14. Be flexible Implement Digital Decoupling
Keeping pace with the fast-changing
nature of digital marketing is
becoming ever more critical to
the success of Chinese firms in the
digital age. Rigid organizational
structures and job descriptions can
cripple a company in an era where
agility is a vital organizational
resource. After all, each business
initiative requires a special
formulation of skills—dominant,
supporting, or otherwise—and it is
the understanding of this fluidity
as well as the speed of change in
the marketplace that would help
companies to shape successful teams.
The digitally decoupled operating
model is about consolidating digital
production activities (including
content management, brand services
and campaign management) within a
central team, while keeping creative
design services flexible. This model
allows scale and efficiency while not
compromising on creative flexibility.
It has been successfully implemented
across many global brands, and
is now starting to be seen as an
important tool in a company’s arsenal
to help bridge the CMO-CIO divide.
We recently worked with a leading
global consumer goods company in
China, for example, who consolidated
all production on one platform, before
outsourcing their content management
and platform localization.
15. Fit for the future
In this new age of digital
collaboration, connecting the core
functions of marketing and IT is
becoming a vital new focus.
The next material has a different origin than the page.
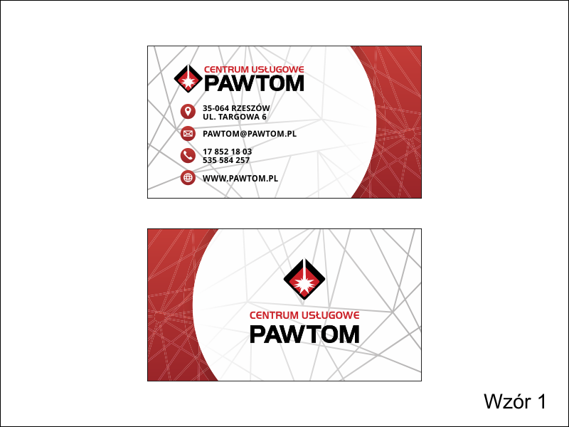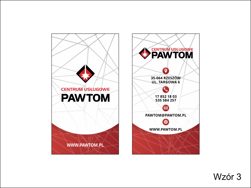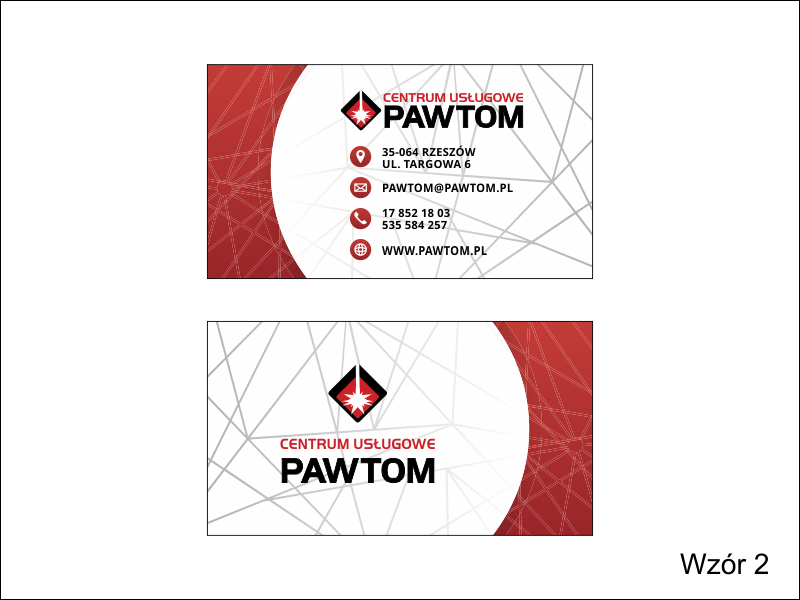 W projekcie wykorzystano podzielenie przestrzeni wizytówki na dwie różnokolorowe strefy biało-szarą i czerwoną.

There
can no longer be a balancing act
between the two. But executive-level
cooperation is not enough; a
restructured organization is also
needed. Companies should look at
establishing an internal framework
that can help with managing the
collaboration process, and enlisting
support from the CEO or an executive
steering committee to get this
new approach off the ground.
Equally important is the ability to
rethink rigid organizational roles and
consider configuring new, hybrid ones,
such as a chief marketing technologist.
At Accenture Interactive, we help
organizations understand their
customers’ requirements and growth
objectives. With deep knowledge
of technology platforms as well as
a consumer-centric approach to
digital, we can help you identify
the cross-capability solutions
which provide a great engagement
platform across marketing and IT
teams. Our experience in helping
clients shape their digital vision
in a way which better aligns
technology and marketing means
we are well positioned to help
organizations realign the CMO-CIO
disconnect and play to win.
After all, it is only by working
together that CMOs and CIOs can
ride the wave of opportunities
presented by digital transformation.